During the early years of the 20th Century, Lancaster prospered in his liquor dealership.  He was increasingly being viewed as one of Owensboro’s “up and coming” young businessmen.  He was reported in 1919 to have cleared a profit equivalent to more than $1 million in 2020 dollars. Then on January 1, 1920, National Prohibition arrived and after a relatively few years in existence, Lancaster was forced to close his liquor house. 



Later that year the family relocated to Louisville. Lancaster’s wealth from liquor sales allowed him to move his family into a mansion home, shown below, in one of Louisville’s prestigious neighborhoods at 2508 Longest Avenue.  Given its size the house almost certainly required live-in servants.



Lancaster’s took up an executive position as secretary and principal investor in a Louisville-based operation called the Thraman Oil Company.  Associated with him in the company was Colonel McCulloch.  They shared offices in Louisville’s posh Starks Building downtown.  Speculation in oil exploration stocks was soaring at the time and the Thraman outfit was adept at publicizing what it reported as “finds.”  The November 1919 issue of “Louisville Oil World” reported: “The Thraman Oil Company has brought in No. 1 Stevenson north of Ranger in Texas and is said to be showing for 2,000 barrels….No. 1 in the Somerset field near San Antonio is in. This is high grade oil and is showing from 20 to 50 barrels….Thraman has four wells completed in Texas and four drilling.” 


Given this and other positive accounts, it must have been a shock to the public to read headlines in September 1922 and find that P. R. Lancaster had filed for bankruptcy in U.S. District Court.  His liabilities were listed at $453,611.70 ($6.6 million today) and assets at $199,085.  The cause of the failure were “unfortunate investments in Eastern and Southern Kentucky oil,” according to the press.  

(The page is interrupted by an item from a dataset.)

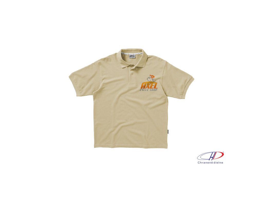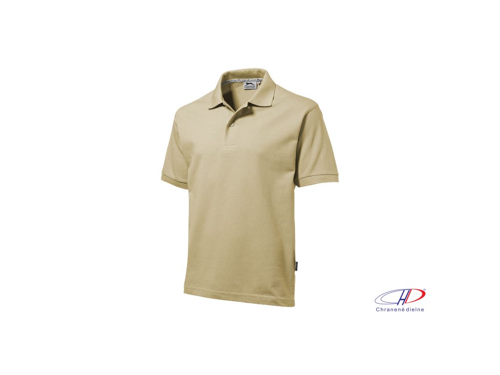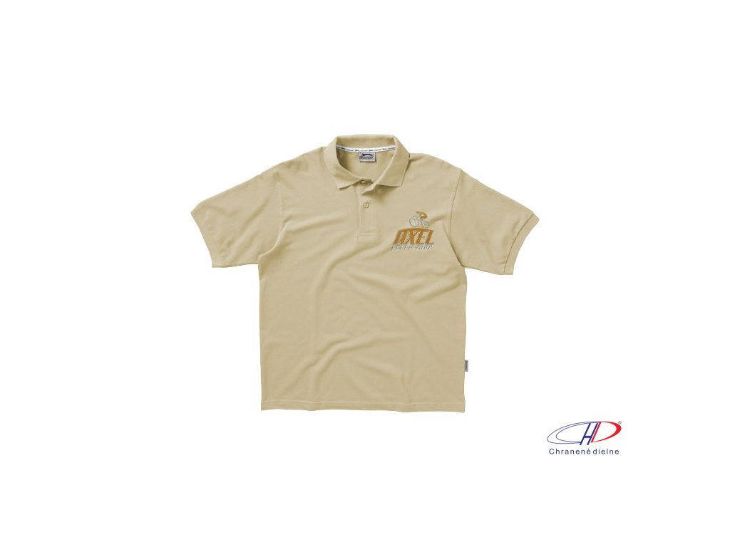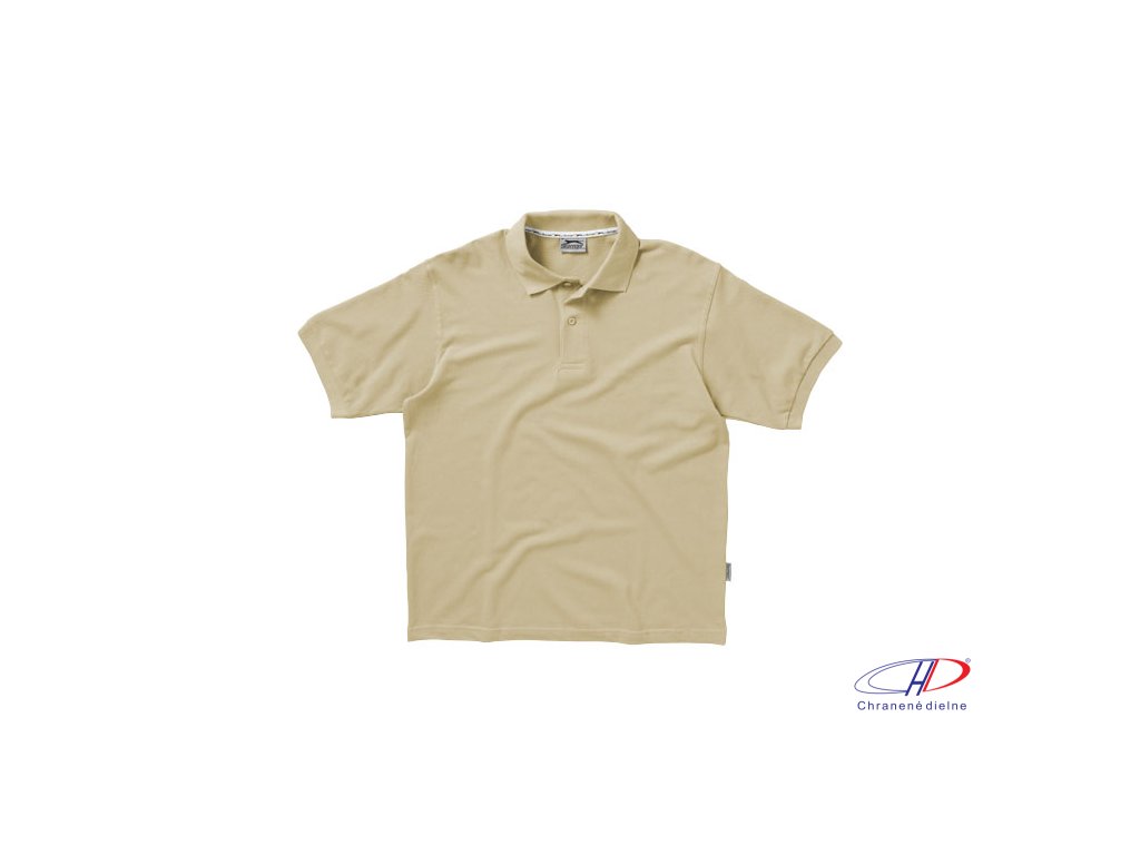 Plochý rebrový golierik, rebrované manžety, vnútorný lem golieru s logom Slazenger, zapínanie na dva gombíky.

One result of the bankruptcy was the sale of the Lancaster mansion and a move to a more modest home.  At age 46 Lancaster was ruined.  A photo exists of his son showing off a new grandchild.  Patrick Sr., standing behind, seems to have been aged significantly by his financial disaster.

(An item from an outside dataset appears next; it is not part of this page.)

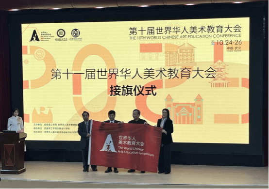 在全场嘉宾的见证下,世界华人美术教育协会代表与武昌理工学院代表将大会会旗交予第十一届大会主办单位代表、陕西师范大学美术学院王晓燕教授。王晓燕教授随后介绍了第十一届大会的筹备思路与初步规划,并发出诚挚邀约,期待全球华人美术教育工作者届时齐聚陕西,共同开启美术教育的新探索,至此第十届世界华人美术教育大会正式落下帷幕。(完)

In ensuing years, Lancaster continued to work in Louisville, his occupation  recorded by the census taker as “salesman, stocks & bonds.”  Eager to return to the liquor trade again, he watched through the early 1930s as National Prohibition grew increasingly unpopular and began to unravel.  With Repeal Lancaster saw an opportunity to rejoin the liquor trade as a broker, acting as a “middleman” between the newly revived distilleries of Kentucky and the liquor dealers and drinking establishment opening all over America.  He worked from an office in Suite 1203 of Louisville’s skyscraper Washington Building, shown here, reviving his reputation in the liquor trade and his fortunes.  Lancaster was joined in this successful enterprise by Patrick Jr. and continued to work for many years, enjoying the adulation of ten grandchildren.


Patrick lived to be 83 years old, his bankruptcy of 1922 largely forgotten.  After several year in declining health with heart disease, he was felled by a stroke in March 1964 and died at Lady of Peace Hospital.  After a funeral at St. James, his parish church, he was buried at Louisville’s Calvary Cemetery next to Susie who had died several months earlier.  


 


Patrick Lancaster had chosen the fourth option, waiting out the “dry” years and rejoining the liquor trade at the opportune moment.  The fourteen year hiatus of National Prohibition had not been easy but despite a bankruptcy he had emerged triumphant yet again as a “whiskey man.”